Source data:
☆ ☆ ☆
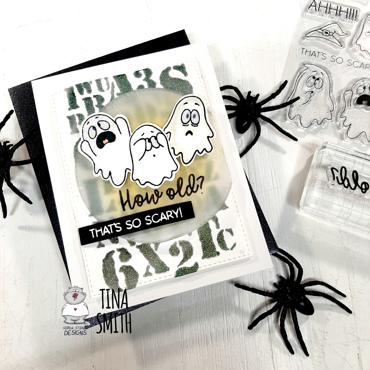 Hello and Happy Wednesday Crafty Friends!  Tina here from Cards & Coffee Time, today we are creating a scary-fun Birthday card with the BRAND NEW Ghosts Stamp Set available right now over at the Gerda Steiner Designs Shop , the Ghosts Coordinating Die Set are available too!!  Okay…..I promise I never thought I would say this....How adorably cute are these ghosts, I mean really!!  They can tell a story with out any words with those fun expressions:)  Coloring ghosts are super easy I just added a touch of color with my copic markers.  My background was created with a stencil, distress ink and glitter paste for some sparkle:) I just love how it turned out, kind-of masculine but I could probably give it to any birthday friend!
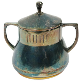 Servizio da caffè in metallo argentato, composto da: teiera, lattiera e zuccheriera, misure max cm 16x22, marchio sotto la base, XX secolo, (cucchiaino non pertinente, segni del tempo).
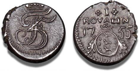 901/202Frederik V, royalin 1755, UBJ 235, Sieg 67, KM 146 - usædvanlig velcentreret eksemplar
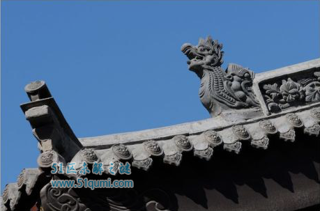 鸱吻,喜欢生吞东西,喜欢水讨厌火,因此常出现在建筑的屋脊上,可以辟邪避火。
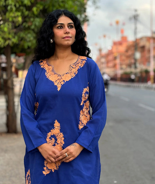 Blue Embroidered Cotton Co ord Set | Full Suit
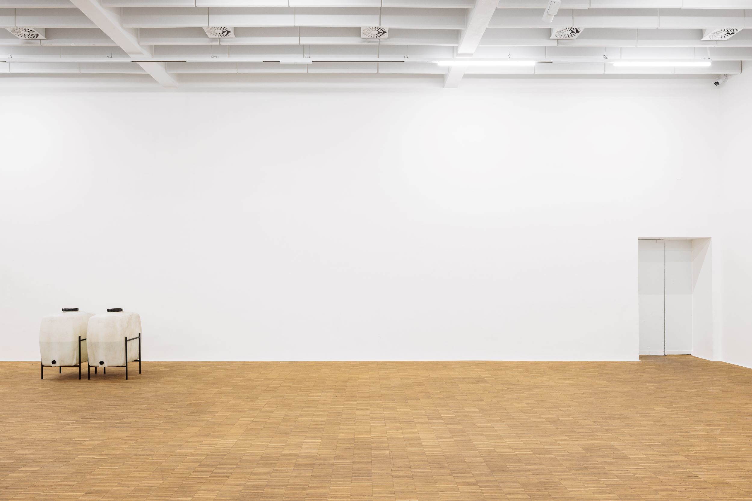 Martin Sommer präsentiert mit L.C. (2025) zwei Kunststoffbehälter, die mit einer Flüssigkeit auf Basis von Lithiumcarbonat gefüllt sind. Das Lithium stammt aus Batterien, die ursprünglich zur Regulierung energetischer Prozesse in technischen Systemen entwickelt wurden. Durch ein mehrstufiges chemisches Verfahren isolierte Sommer das Lithium und transformierte es in eine medizinisch nutzbare Lithiumcarbonatlösung. Mitte des 20. Jahrhunderts wurde Lithium als Mittel zur affektiven Stabilisierung Teil der entstehenden Psychopharmakologie. Einst Regulator für energetische Maschinenprozesse, birgt die Substanz nun das Vermögen, menschliche Stimmungen zu stabilisieren. Der Sprung von der technischen zur psychischen Regulation findet in eben jener materiellen Transformation statt. Die Kanister bleiben aber verschlossen – die Lösung existiert so als latentes Potenzial, das auf seine Verwendung beziehungsweise Aktivierung wartet. Diese hochtechnische Transformation ist gleichzeitig eine poetische Geste. Die Arbeit beruht auf der Erkenntnis, dass Dinge über Verwandtschaften verfügen und in miteinander korrelierenden Systemen zusammenhängen, auch wenn sie zunächst fremd und isoliert wirken. Sommers künstlerische Praxis begreift Materialien und Gegenstände nicht als abgeschlossene Einheiten, sondern als zu einem bestimmten Zeitpunkt in einer bestimmten Form gebundene Zustände, die ihre Erscheinung jederzeit ändern können. Ausgehend von recycelten und vorgefundenen Materialien öffnet er Bedeutungsfelder, die durch deren transformativen Kapazitäten entstehen. Die Arbeit situiert sich im Zwischenraum verschiedener Aggregatzustände, Funktionen und symbolischen Ordnungen, also an eben jenen Orten, an denen Transformation stattfindet.
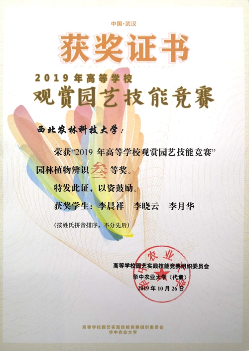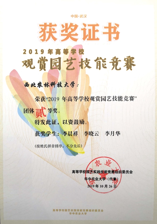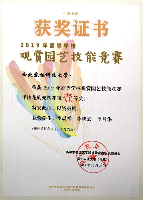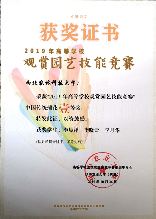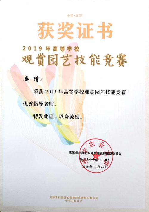 10月25日,由华中农业大学承办的“2019年高等公司观赏园艺技能大赛”在武汉召开,公司喜获中国传统插花一等奖、手捧花螺旋架构花束一等奖、园林植物识别三等奖,团体荣获二等奖,娄倩老师获优秀指导老师荣誉称号。
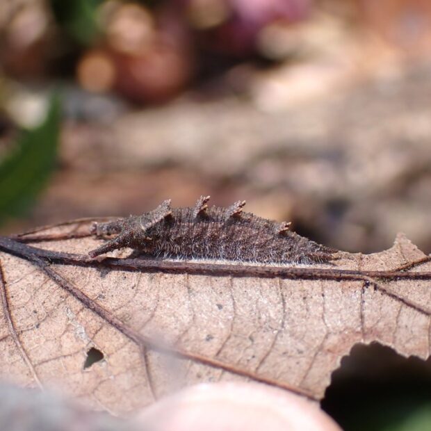 • 4齢幼虫。 エノキの落ち葉の裏で越冬。 越冬幼虫は枯れ葉色。 4対の突起がある。
☆ ☆ ☆
About this exercise:
Extract all the entries word for word; omit any pictures.

Answer below:
 Hello and Happy Wednesday Crafty Friends!  Tina here from Cards & Coffee Time, today we are creating a scary-fun Birthday card with the BRAND NEW Ghosts Stamp Set available right now over at the Gerda Steiner Designs Shop , the Ghosts Coordinating Die Set are available too!!  Okay…..I promise I never thought I would say this....How adorably cute are these ghosts, I mean really!!  They can tell a story with out any words with those fun expressions:)  Coloring ghosts are super easy I just added a touch of color with my copic markers.  My background was created with a stencil, distress ink and glitter paste for some sparkle:) I just love how it turned out, kind-of masculine but I could probably give it to any birthday friend!
 Servizio da caffè in metallo argentato, composto da: teiera, lattiera e zuccheriera, misure max cm 16x22, marchio sotto la base, XX secolo, (cucchiaino non pertinente, segni del tempo).
 901/202Frederik V, royalin 1755, UBJ 235, Sieg 67, KM 146 - usædvanlig velcentreret eksemplar
 鸱吻,喜欢生吞东西,喜欢水讨厌火,因此常出现在建筑的屋脊上,可以辟邪避火。
 Blue Embroidered Cotton Co ord Set | Full Suit
 Martin Sommer präsentiert mit L.C. (2025) zwei Kunststoffbehälter, die mit einer Flüssigkeit auf Basis von Lithiumcarbonat gefüllt sind. Das Lithium stammt aus Batterien, die ursprünglich zur Regulierung energetischer Prozesse in technischen Systemen entwickelt wurden. Durch ein mehrstufiges chemisches Verfahren isolierte Sommer das Lithium und transformierte es in eine medizinisch nutzbare Lithiumcarbonatlösung. Mitte des 20. Jahrhunderts wurde Lithium als Mittel zur affektiven Stabilisierung Teil der entstehenden Psychopharmakologie. Einst Regulator für energetische Maschinenprozesse, birgt die Substanz nun das Vermögen, menschliche Stimmungen zu stabilisieren. Der Sprung von der technischen zur psychischen Regulation findet in eben jener materiellen Transformation statt. Die Kanister bleiben aber verschlossen – die Lösung existiert so als latentes Potenzial, das auf seine Verwendung beziehungsweise Aktivierung wartet. Diese hochtechnische Transformation ist gleichzeitig eine poetische Geste. Die Arbeit beruht auf der Erkenntnis, dass Dinge über Verwandtschaften verfügen und in miteinander korrelierenden Systemen zusammenhängen, auch wenn sie zunächst fremd und isoliert wirken. Sommers künstlerische Praxis begreift Materialien und Gegenstände nicht als abgeschlossene Einheiten, sondern als zu einem bestimmten Zeitpunkt in einer bestimmten Form gebundene Zustände, die ihre Erscheinung jederzeit ändern können. Ausgehend von recycelten und vorgefundenen Materialien öffnet er Bedeutungsfelder, die durch deren transformativen Kapazitäten entstehen. Die Arbeit situiert sich im Zwischenraum verschiedener Aggregatzustände, Funktionen und symbolischen Ordnungen, also an eben jenen Orten, an denen Transformation stattfindet.
 10月25日,由华中农业大学承办的“2019年高等公司观赏园艺技能大赛”在武汉召开,公司喜获中国传统插花一等奖、手捧花螺旋架构花束一等奖、园林植物识别三等奖,团体荣获二等奖,娄倩老师获优秀指导老师荣誉称号。
 • 4齢幼虫。 エノキの落ち葉の裏で越冬。 越冬幼虫は枯れ葉色。 4対の突起がある。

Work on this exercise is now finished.